If the events of the movie Swing Vote happened in 2020, how bad would it be?

If you never seen it, Swing Vote was 2008 movie set in a fictional 2008 where in their version of the American Presidential Election of 2008, it was incredibly close to the point that New Mexico is the state to win to gain the electoral votes necessary to win, and after every ballot is counted and recounted it turns out that it’s a dead-tie throughout the entire state with only one vote not being counted by a computer glitch, the vote of a blue collar “everyman” played by Kevin Costner and as a result both Presidential candidates give him 10 days to cast his vote and then openly pander to him in order to win his winning vote.

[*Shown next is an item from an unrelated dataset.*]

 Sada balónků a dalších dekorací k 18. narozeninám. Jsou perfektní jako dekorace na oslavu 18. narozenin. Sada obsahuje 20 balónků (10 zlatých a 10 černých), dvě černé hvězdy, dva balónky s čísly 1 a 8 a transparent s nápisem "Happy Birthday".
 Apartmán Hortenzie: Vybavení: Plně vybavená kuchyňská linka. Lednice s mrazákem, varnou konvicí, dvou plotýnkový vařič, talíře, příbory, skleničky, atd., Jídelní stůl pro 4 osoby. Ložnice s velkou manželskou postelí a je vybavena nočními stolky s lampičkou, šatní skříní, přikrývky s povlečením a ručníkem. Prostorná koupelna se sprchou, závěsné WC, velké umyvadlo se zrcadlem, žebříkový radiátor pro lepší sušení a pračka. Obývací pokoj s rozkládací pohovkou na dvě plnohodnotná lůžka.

I was just thinking, can you image if that was what happened in 2020? If the election of Trump Vs Biden was decided by a blue collar Kevin Costner? How many people would be trying to kill Costner or kidnap his family members in an attempt to get him to vote for their candidate?

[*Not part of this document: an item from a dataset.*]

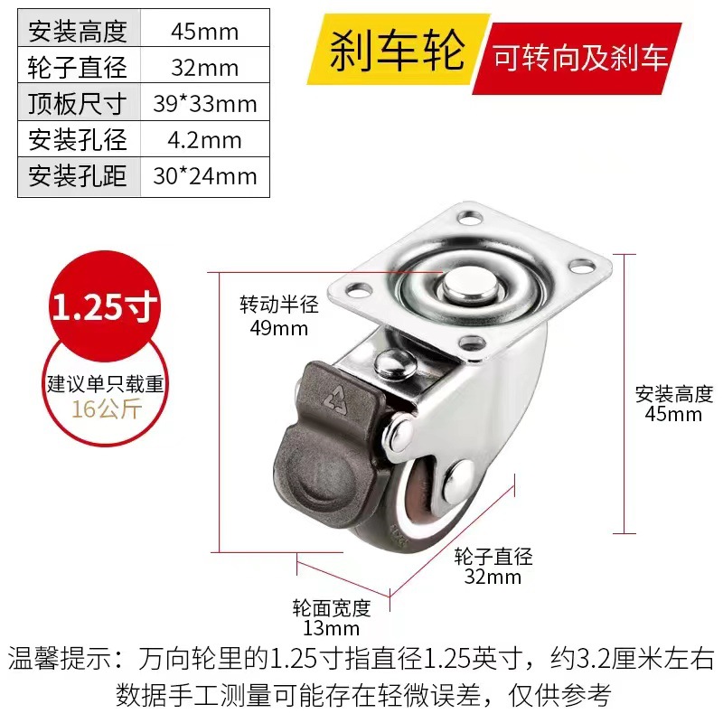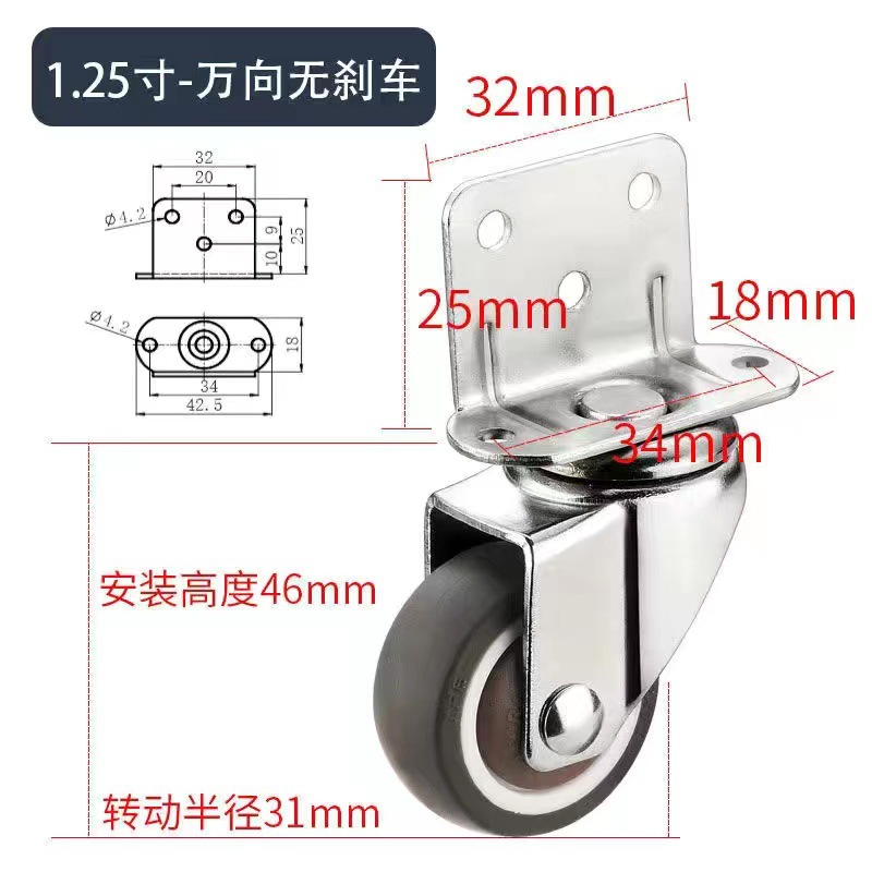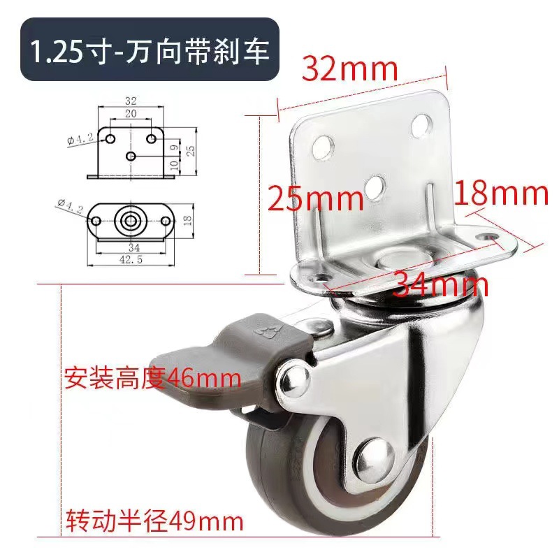 • 브레이크가 장착된 1.25inch L자형 범용 휠 [1팩]

If the election were forever unresolved, Pelosi becomes president. So the D’s would have slightly more incentive to bump this swing voter off. The R’s on the other hand would have zero incentive to kill him prior to him casting a ballot.

Threaten and blackmail, though, absolutely. And once he did cast his vote, he’d face terrible retaliation, although by then it would be too late.

Moved to P&E from the Café as while inspired by a movie it is a political discussion.

Aside: Proponents of the Electoral College often cite as a benefit that it makes this situation much more likely.

One thing’s for sure, there would be extreme angst and regret among a million or more eligible voters in that key state (be it New Mexico or whatnot) who could have voted but chose not to, now that they see the would-have-been immense importance of their solitary vote.

I think Isaac Asimov had a short story in which political polling had gotten so sophisticated that one person was asked to cast his vote for the presidency.

Morbo: Elections do not work that way! Good night!

Yeah. I didn’t see the movie, but if the guy’s vote wasn’t counted, and there’s no way to find out who he voted for on Election Day, there is no possible scenario in which the remedy would be “Give him another ten days”.

Not “polling,” exactly. Multivac had gotten so sophisticated that it could select one person out of the entire country as being most representative of the country as a whole. Thus, it could extrapolate from that one person how the nationwide vote would go if anybody else had voted.

FYI, the story was called Franchise.